> What the exercise asks
The lines to retype run from the one containing "ფრჩხილის ლაქის ნაკრები" through the end of the listing below. Reproduce them exactly, leaving out pictures.

> Data segment
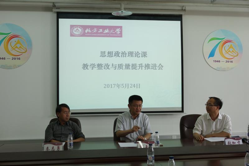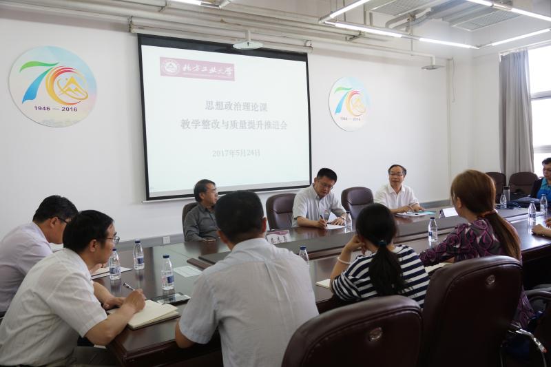 为贯彻中央和北京市高校思想政治工作会议精神,落实我校思想政治理论课“质量建设年”的任务要求,5月24日下午,“澳门信誉最好十大平台思想政治理论课教学整改与质量提升推进会”在瀚学楼1208会议室召开。校党委副书记郭玉良、学工处(研工部)处长高国伟、教学信息员谭亚俐,以及澳门十大信誉网赌大全全体教师和部分学院辅导员参加了会议。会议由澳门十大信誉网赌大全院长张加才主持。
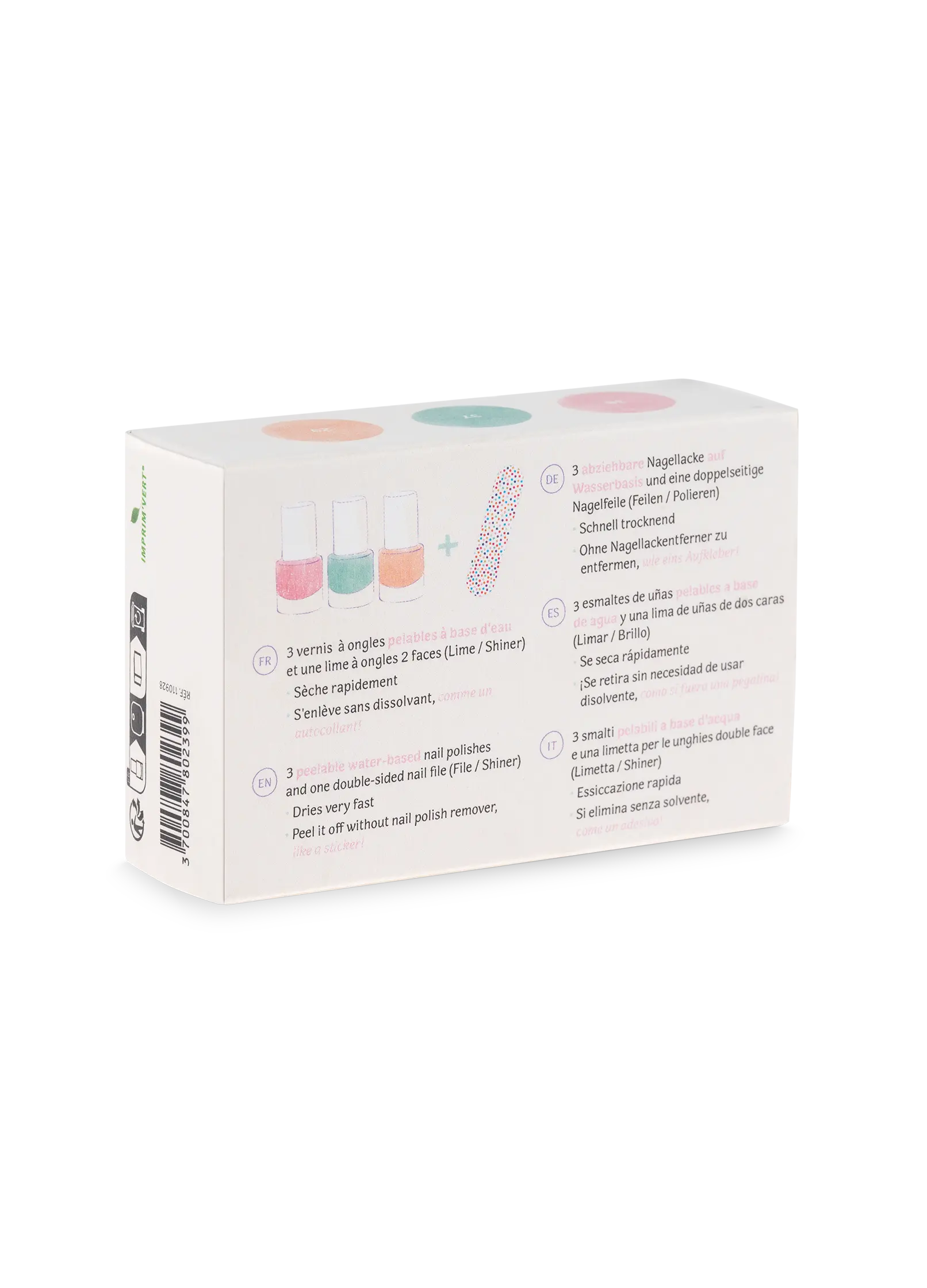 ფრჩხილის ლაქის ნაკრები – დამზადებულია წყლის ბაზაზე, მავნე დანამატების გარეშე. მარტივად შორდება (არ საჭიროებს აცეტონს). დამზადებულია საფრანგეთში. 3 x 7.5 მლ.
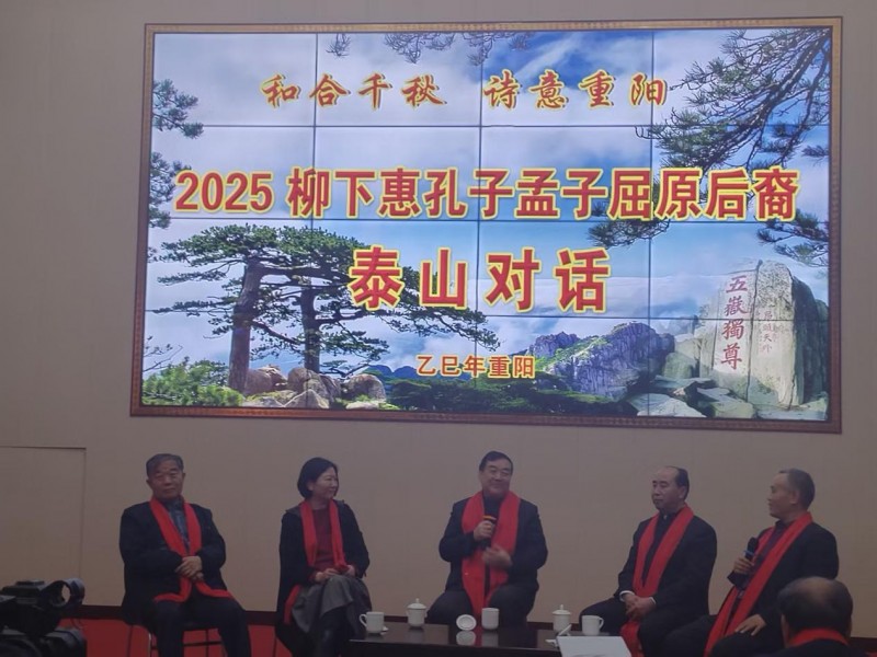 对话围绕《千秋文脉共炎黄》《和圣文化仰昆仑》《柳下惠风沐千秋》《重阳泰山话长寿》《继往开来寄后昆》五个板块。
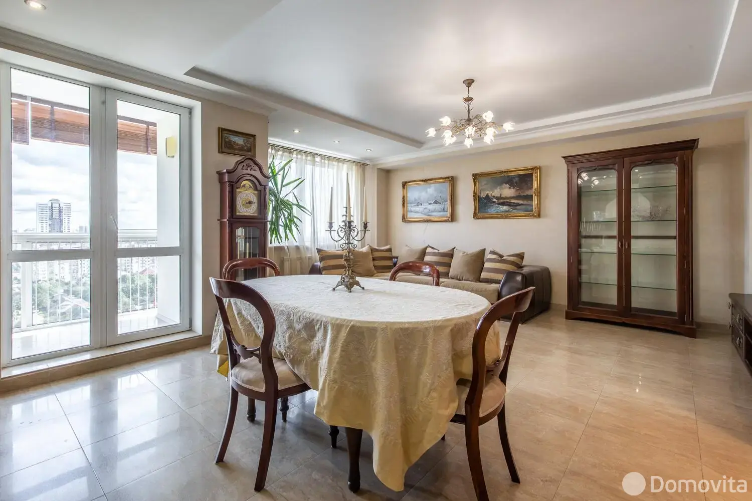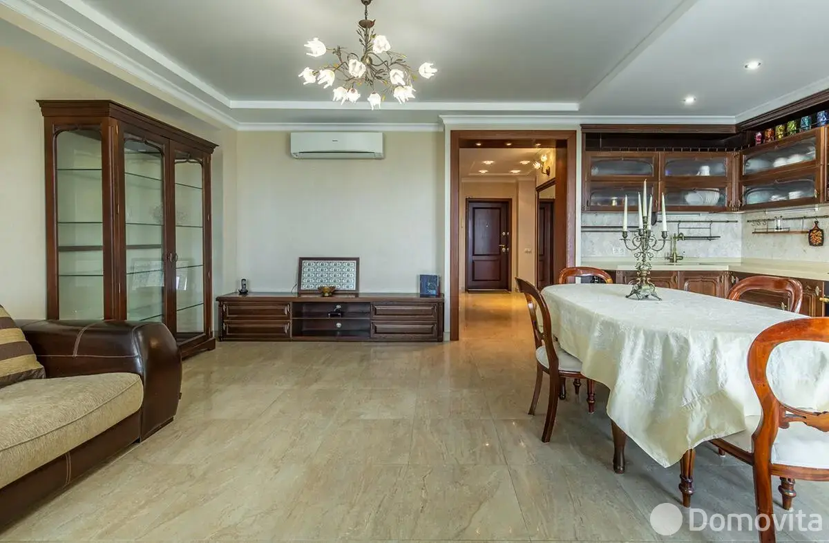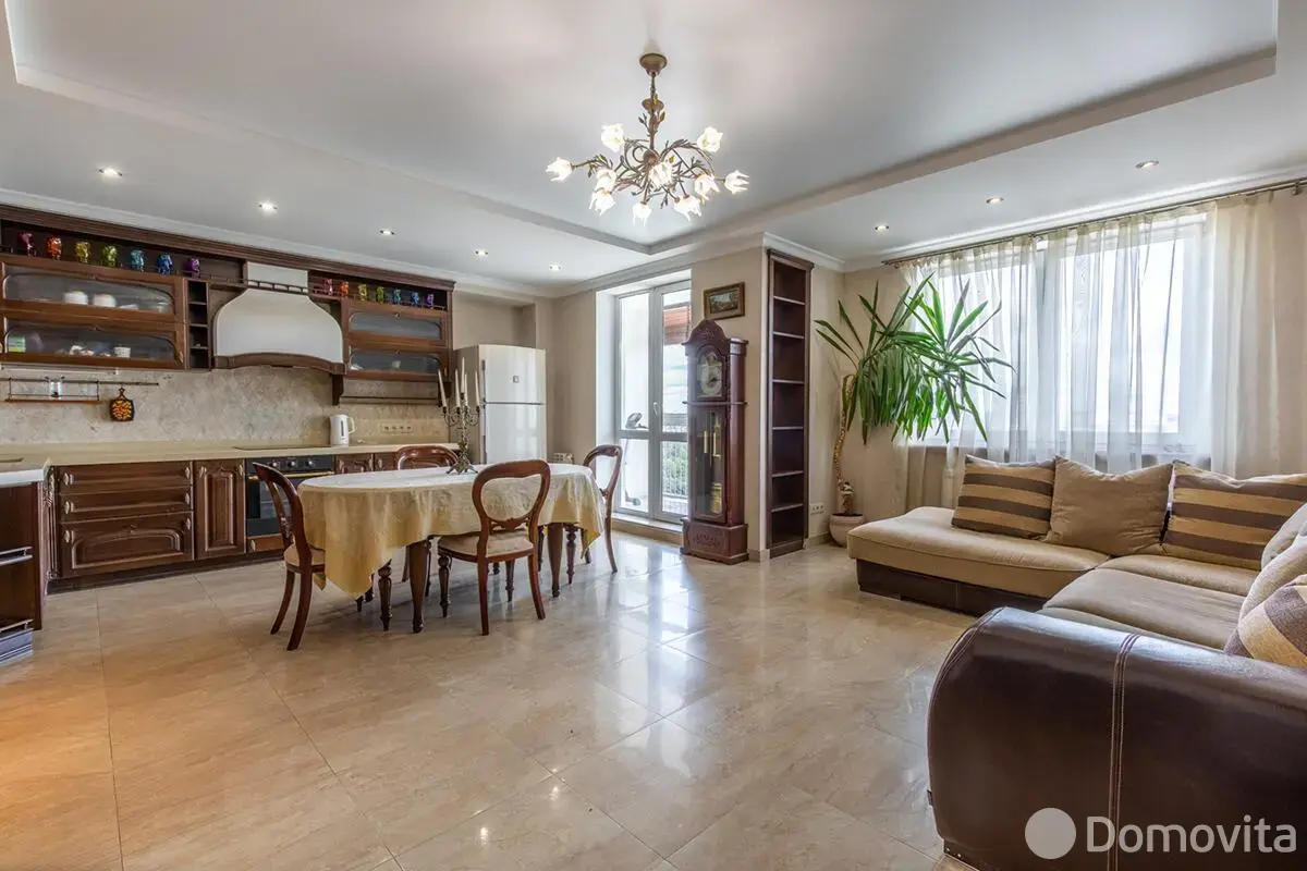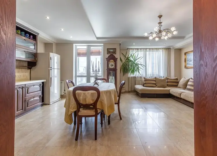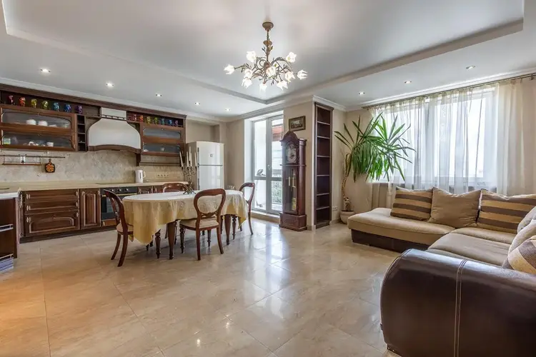 В гостиной кухня итальянского производства, в классическом стиле из массива ценных пород дерева, с каменной столешницей, шкафчики с кованой фурнитурой. Встроенная бытовая техника: электрическая варочная панель, посудомоечная машина, холодильник увеличенной ширины, духовка, вытяжка.

> Completed task
 ფრჩხილის ლაქის ნაკრები – დამზადებულია წყლის ბაზაზე, მავნე დანამატების გარეშე. მარტივად შორდება (არ საჭიროებს აცეტონს). დამზადებულია საფრანგეთში. 3 x 7.5 მლ.
 对话围绕《千秋文脉共炎黄》《和圣文化仰昆仑》《柳下惠风沐千秋》《重阳泰山话长寿》《继往开来寄后昆》五个板块。
 В гостиной кухня итальянского производства, в классическом стиле из массива ценных пород дерева, с каменной столешницей, шкафчики с кованой фурнитурой. Встроенная бытовая техника: электрическая варочная панель, посудомоечная машина, холодильник увеличенной ширины, духовка, вытяжка.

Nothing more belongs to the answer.